User:ErsatzCulture/SQLQueries

From ISFDB
< User:ErsatzCulture
Revision as of 21:35, 19 November 2022 by ErsatzCulture (talk | contribs) (fancy version of verification stats)
(diff) ← Older revision | Latest revision (diff) | Newer revision → (diff)
Jump to navigation Jump to search

Author related

Non-standard name detection

See R&S_Example_page/Initials_normalization.

Author names beginning with two upper case letters with no full-stops/periods

(91 records as of September 2019)

   select a.author_id, a.author_canonical author_name, a.author_legalname, p.author_id real_author_id, ra.author_canonical real_name from authors a LEFT OUTER JOIN pseudonyms p ON (a.author_id = p.pseudonym) LEFT OUTER JOIN authors ra ON (ra.author_id = p.author_id) where CAST(a.author_canonical AS BINARY) regexp '^[A-Z][A-Z]' order by real_author_id, a.author_canonical;

Author names beginning with an initial and a full-stop/period, but then no space or hyphen

(14 records as of September 2019)

   select a.author_id, a.author_canonical author_name, a.author_legalname, p.author_id real_author_id, ra.author_canonical real_name from authors a LEFT OUTER JOIN pseudonyms p ON (a.author_id = p.pseudonym) LEFT OUTER JOIN authors ra ON (ra.author_id = p.author_id) where CAST(a.author_canonical AS BINARY) regexp '^[A-Z]\\.[^ \-]' order by real_author_id, a.author_canonical;

Author names beginning with an initial and then a non-letter or full-stop/period

(269 records as of September 2019 - this pulls in a lot of false-positives e.g. HTML entities - which may or may not be relevant in this context - some non-ASCII letters, etc)
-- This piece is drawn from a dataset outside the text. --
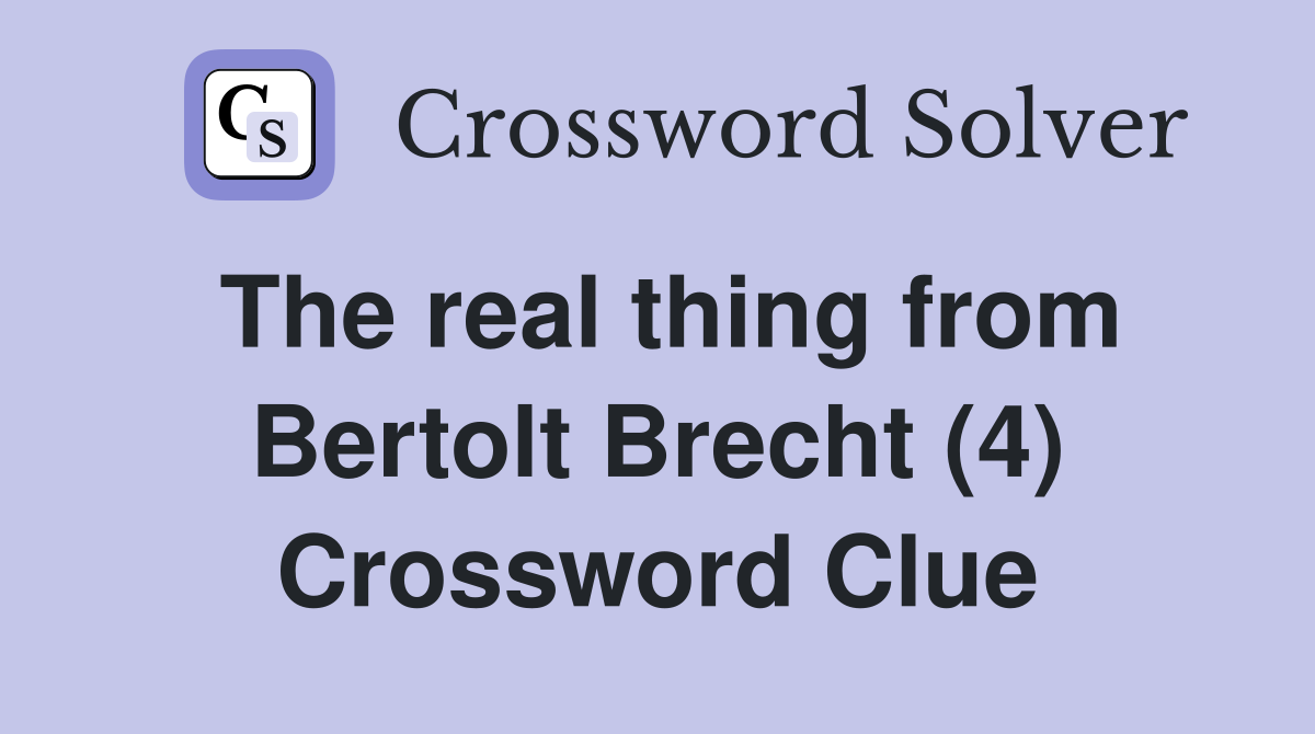 The real thing from Bertolt Brecht (4) Crossword Clue Answers

   select a.author_id, a.author_canonical author_name, a.author_legalname, p.author_id real_author_id, ra.author_canonical real_name from authors a LEFT OUTER JOIN pseudonyms p ON (a.author_id = p.pseudonym) LEFT OUTER JOIN authors ra ON (ra.author_id = p.author_id) where CAST(a.author_canonical AS BINARY) regexp '^[A-Z][^\\p{L}\\.\']' order by real_author_id, a.author_canonical;

Author names not beginning with an upper case ASCII letter or HTML entity

(708 records as of September 2019 - this pulls in a lot of false positives with non-ASCII upper case letters)
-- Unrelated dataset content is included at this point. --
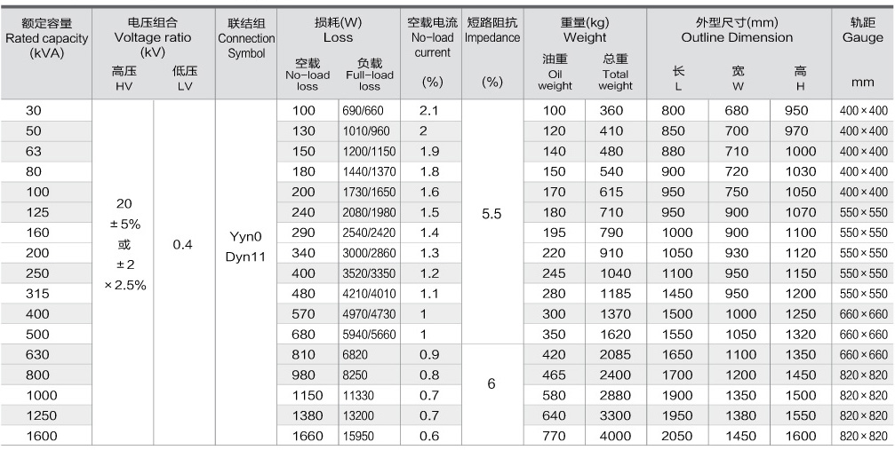 主要特點(diǎn)與技術(shù)參數:Main functions and characters 采用先進(jìn)電磁設計軟件設計,性能符合IEC60076、GB1094、GB/T6451、GB/T25289-2010標準。無(wú)儲油柜、吸濕器等裝置,確保變壓器油不與空氣接觸,能提高變壓器油抗氧化能力,延緩變壓器油老化。鐵心采用優(yōu)質(zhì)冷軋晶粒取向硅鋼片,全斜接縫疊片結構,從而降低空載損耗和空載電流。油箱為波紋油箱,波翅可以隨變壓器油體積的脹縮而脹縮,從而使變壓器內部保持一定的壓力,增強運行可靠性,變壓器外表抗腐蝕能力強。配電變壓器線(xiàn)圈采用高強度漆包線(xiàn)(或紙包線(xiàn))卷繞,安匝分布均勻,絕緣結構合理,具有很強的抗短路能力。配電變壓器器身采用免吊芯結構,密封件采用優(yōu)質(zhì)丙烯酸酯橡膠,能有效防止光老化、熱老化。 S11-M系列三相雙繞組無(wú)勵磁調壓20kv配電變壓器

   select a.author_id, a.author_canonical author_name, a.author_legalname, p.author_id real_author_id, ra.author_canonical real_name from authors a LEFT OUTER JOIN pseudonyms p ON (a.author_id = p.pseudonym) LEFT OUTER JOIN authors ra ON (ra.author_id = p.author_id) where CAST(a.author_canonical AS BINARY) regexp '^[^A-Z&]' order by real_author_id, a.author_canonical;

Author names not beginning with a letter or HTML entity

(118 records as of September 2019 - this has a number of accented Zs that theoretically shouldn't be reported on with this regex)

   select a.author_id, a.author_canonical author_name, a.author_legalname, p.author_id real_author_id, ra.author_canonical real_name from authors a LEFT OUTER JOIN pseudonyms p ON (a.author_id = p.pseudonym) LEFT OUTER JOIN authors ra ON (ra.author_id = p.author_id) where CAST(a.author_canonical AS BINARY) regexp '^[^\\p{L}&]' order by real_author_id, a.author_canonical;

Titles ranked by the number of publications they have

This seems like a reasonable proxy for answering the question "WHat are the biggest SF&F titles of all time?"

   select tc.title_id, title_title, c FROM (select title_id, count(1) c from pub_content group by title_id) tc LEFT OUTER JOIN titles t ON (t.title_id = tc.title_id) WHERE t.title_ttype = 'NOVEL' ORDER by c DESC limit 100;

The above example filters on NOVELs only, but you can easily tweak that.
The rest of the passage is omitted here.